Au début donc : un homme (très) doué pour les études : université à 14 ans, doctorats à 23 ans (économie mathématique et physique théorique), collaborateur de Stephen Hawking puis de Bill Gates. Et puis le choc : il quitte tout pour faire l’apprenti en cuisine. De là l’idée de réaliser un livre de cuisine définitif, qui dirait tout des secrets des chefs, les cuissons les émulsions, les fumages, les fermentations… Mais aussi les produits, viandes, fruits et légumes, les origines, les terroirs.
Pour cela, un seul mot d’ordre : tester, absolument tout, grâce à une équipe de pointe de 32 personnes et un laboratoire spécialement équipé pour l’occasion des meilleurs appareillages. L’argent ne compte pas : centrifugeuses, homogénéisateurs, appareils à bain-marie et autres machines dernier cri côtoient les traditionnels woks et autocuiseurs.

2. Tester

Tout oser : décanter un grand vin au blender (ça marche !), cuire sous vide, lyophiliser, centrifuger, passer au bain à ultrasons (pour faire des frites), à l’azote liquide, mais aussi cuire plus traditionnellement, au feu de bois, à la cocotte ou à la vapeur, et comparer les résultats, scientifiquement. Les auteurs ont été jusqu’à mettre au point des appareils pour découper les récipients pour pouvoir observer la cuisson, la filmer avec des caméras à ultra-haute définition, parfois au niveau microscopique pour qu’enfin se dévoile sous nos yeux les secrets de la cuisson, de la congélation, de la lyophilisation…

3. Apprendre

Que par exemple, le jaguar (l’animal) a sans doute sauvé l’avocat (le fruit), que notre perception des odeurs change selon ce que l’on voit, que le café est un fruit cousin de la cerise, qu’il y a des championnats du monde de barbecue ou d’expresso… Qu’une planche à découper en bois est probablement plus hygiénique qu’une autre en plastique, ou encore que le fameux « french paradox » n’existe pas (on peut aussi boire du vin sans fausses excuses).
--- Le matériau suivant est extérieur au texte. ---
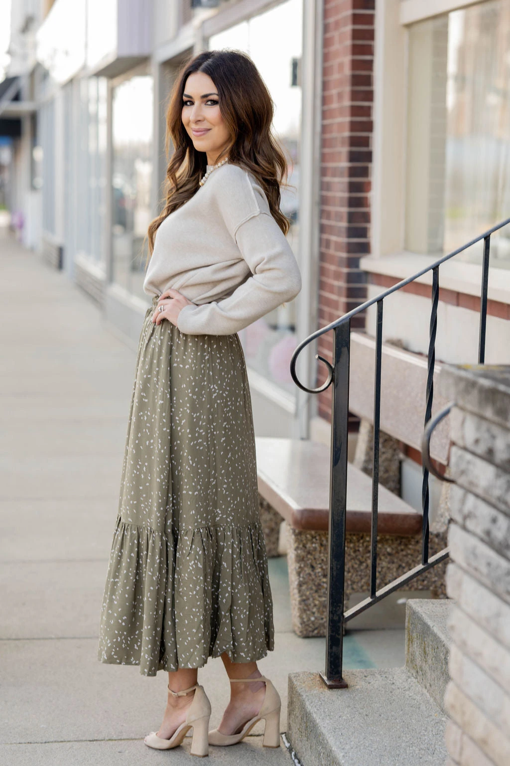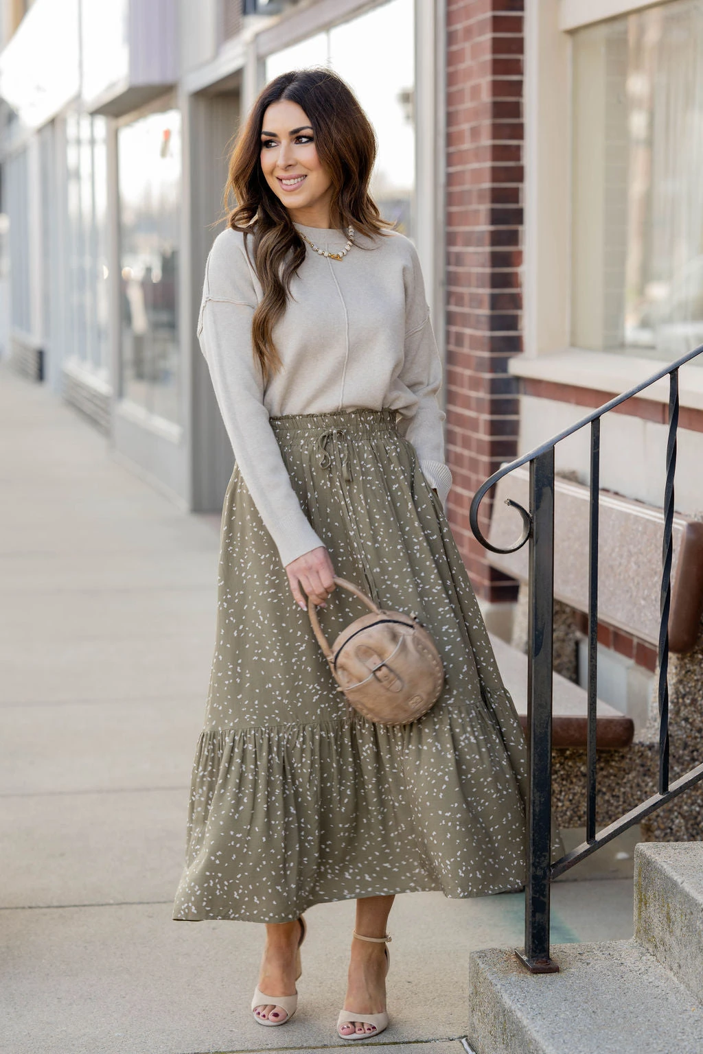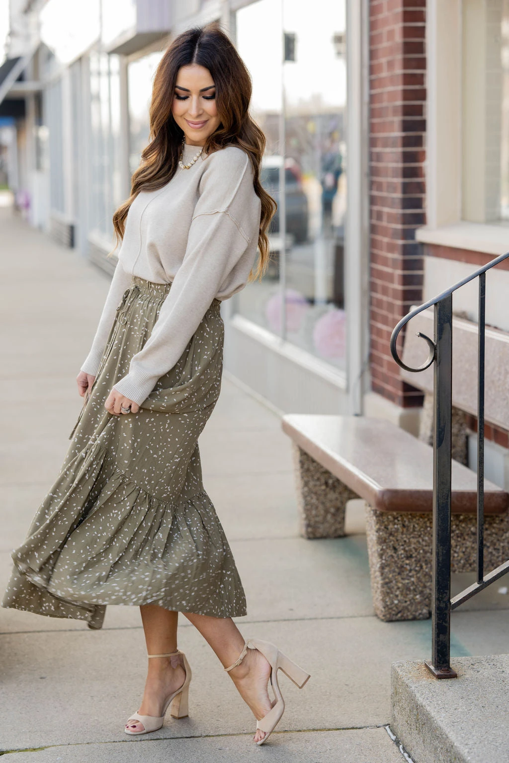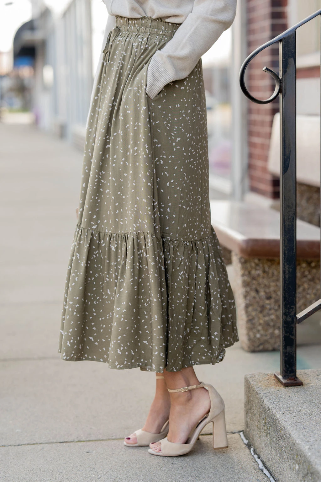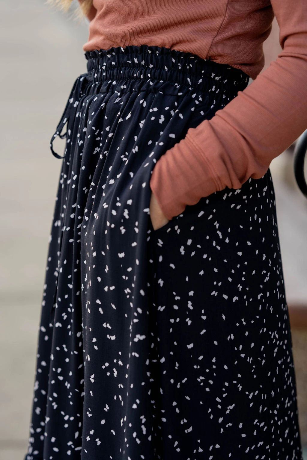 We cannot get over how stylish this skirt is! The fun print and ruffle bottom accent and tie waist make this such a cute, elegant look! Wear this skirt to any event and you are sure to receive compliments! We love tucking a blouse into this for a more elevated look or a basic or graphic tee for a casual feel!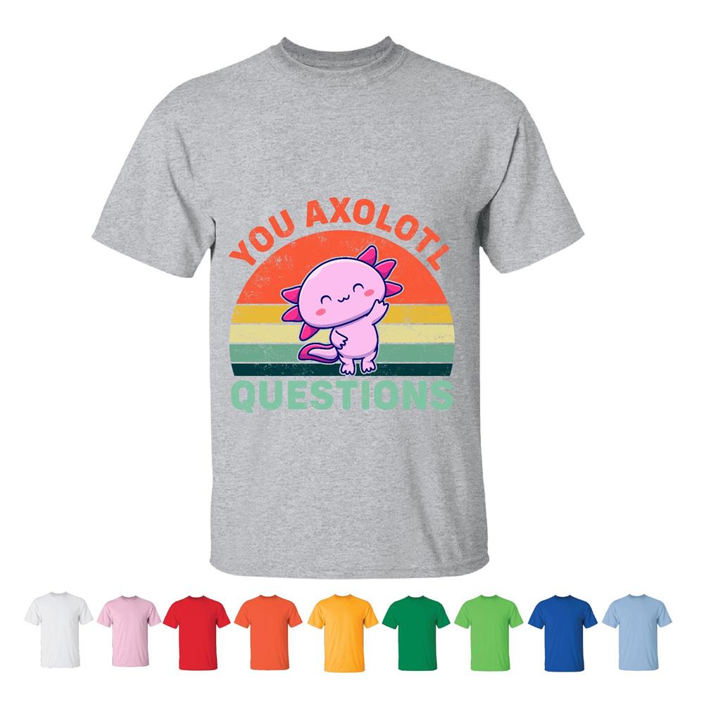 Retro 80s Axolotl Questions Funny Gifting Idea for Animal Lovers Men Women White Gray T shirt

Infirmer des croyances, démonter des stéréotypes, pour au final montrer que la cuisine est une discipline en constante évolution, apte à s’émanciper de tous les académismes.

4. Montrer

Le résultat est à la hauteur des ambitions : les photos dévoilent tout : bœuf séché au micro-ondes (c’est excellent paraît-il), pop-corn en train d’éclater, cuisson « en direct » de divers aliments.
La chaine YouTube dédiée contient quelques vidéos explicites à ce sujet.

5. Déguster ?

Le cinquième tome, ainsi qu’un carnet spiralé et plastifié ne contiennent que des recettes, du traditionnel Fish and chips aux préparations les plus audacieuses comme les billes de foie gras, la gelée de Xérès en dés ou le pudding de pop-corn… On se doutera que tout n’est pas réalisable par le commun des cuisiniers amateurs et que l’essentiel des recettes, à l’image de certains livres de voyages, risque de ne rester qu’un support à l’imagination. Pour autant, une légère critique se fait jour lorsqu’on referme la dernière page de la bête : la passion, donnée irrationnelle ne s’est-elle pas diluée en route ? « La cuisine, c’est beaucoup plus que des recettes » disait naguère un chef fameux.
Cette passion est essentielle pour une bonne transmission aux plus jeunes, de même qu’une certaine incertitude face à la réussite d’une recette Sans poésie, sans « alchimie », la cuisine est condamnée à n’être qu’une technologie utilitariste et nourricière. Puissent tous les cuisiniers ne jamais l’oublier.